Monitoring the behavioral states is more challenging. During general anesthesia, amnesia is not monitored directly but implicitly by the extent to which unconsciousness is achieved. If the patient is unconscious and not simply conscious but unresponsive, the patient will likely have amnesia. In this chapter, we discuss approaches for monitoring unconsciousness and analgesia, or more accurately stated antinociception, and each of the three phases of general anesthesia: induction, maintenance, and emergence. This chapter’s focus is on physiologic signs and neurologic examination findings, and the electroencephalogram (EEG)–based measures, used to track these states of general anesthesia.
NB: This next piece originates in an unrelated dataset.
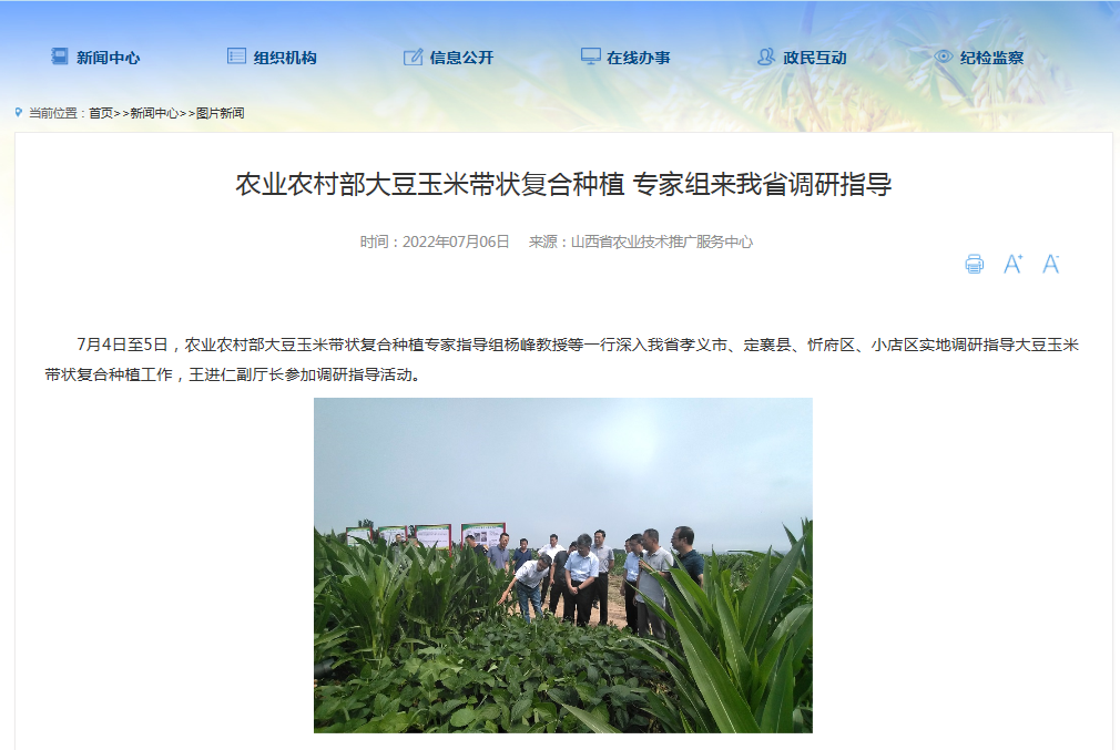 7月4日至5日,农业农村部大豆玉米带状复合种植专家指导组杨峰教授等一行深入我省孝义市、定襄县、忻府区、小店区实地调研指导大豆玉米带状复合种植工作,王进仁副厅长参加调研指导活动。

Induction of General Anesthesia
Monitoring of a patient’s level of consciousness begins at induction of general anesthesia. Induction is usually achieved by an intravenous bolus dose of a hypnotic drug such as propofol, a barbiturate, ketamine, or etomidate. Unconsciousness usually occurs in 10 to 30 seconds. The brain state of the patient, which in this case is the transition into unconsciousness, is tracked by monitoring the patient’s physiologic signs and the EEG-based index.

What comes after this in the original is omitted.